Conference Dates

October 4-9, 2015


In the industry, there are several techniques which improve the service lifetime of materials by increasing the local mechanical properties in the near-surface. In the case of mechanical surface treatments (such as impact-based), the material is exposed to repeated mechanical loadings, producing a severe plastic deformation in the surface, and then leading to a local refinement of the microstructure into the affected zone (Tribologically Transformed Surfaces - TTS). The microstructure’s transformation is characterized by a progressive increment of the grain size from the surface until the bulk material. Consequently, very interesting physical properties such as high hardness and better tribological properties are exhibit in these mechanically-induced transformed surfaces.

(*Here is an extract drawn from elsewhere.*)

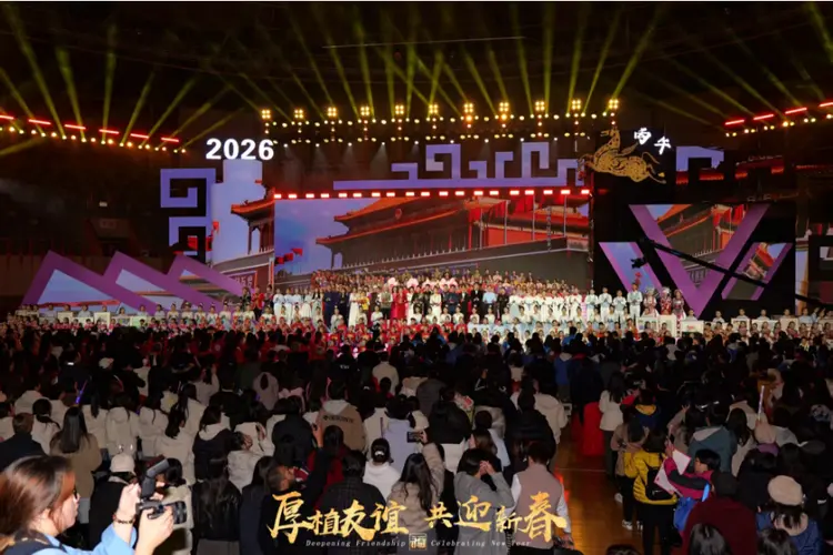 当晚,联谊晚会在伟德国际1946bv官网体育馆精彩上演,约5000名中外青年学子齐聚一堂,共庆新春佳节。特色歌舞、话剧等精彩纷呈的节目轮番登场,既彰显中华文化深厚底蕴,又融入异国风情元素,集中展现了多元文化的独特魅力。中外青年同台献艺、默契互动,歌舞交融中传递对美好未来的共同向往,尽管语言文化各异,但跨越国界的友谊与对新春的期盼在欢声笑语中深深交融,让远离家乡的青年朋友们感受到“家”的温暖,成为中外青年文化交流的生动载体。
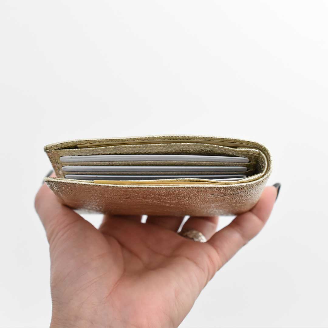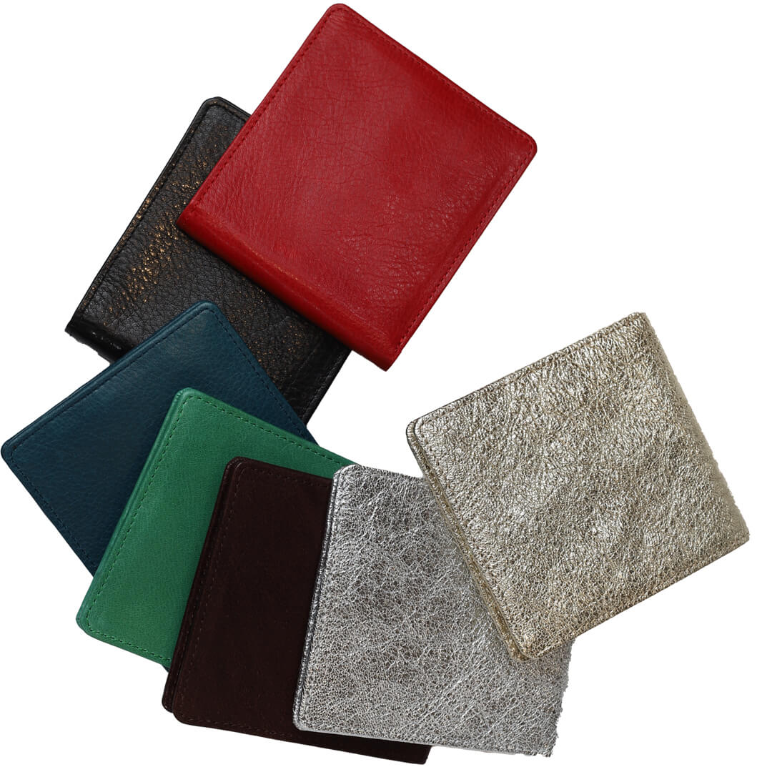 2つ折り財布の中でもコンパクト、薄さはなんと5mm~10mm(2つ折れ部分)で作ったお財布です。

Nowadays, it is well-known that the grain size gradient generated provokes an evolution on the mechanical properties in the impacted zone over a few tens of microns. However, a simple micro-hardness test is not quite enough to quantify precisely the engendered variation of mechanical properties due to the heterogeneity of the transformed surface. The main issue of this work is to assess and describe precisely the elastic-plastic behavior and the distribution of mechanical properties on deformed zones of a model material (pure iron). In our project, a characterization of the transformed microstructure, as well as a statistics measurement of the grain size distribution on the cross-section of the sample is presented firstly. Afterwards a methodology based on nano-indentation tests (Fig.1) and in-situ micro-pillars compression tests (Fig.2) is implemented to quantify the evolution of mechanical properties starting from the near-surface. A relation between the hardness gradient and the microstructure evolution is established, as well as a comparison between the properties measured by both techniques is discussed.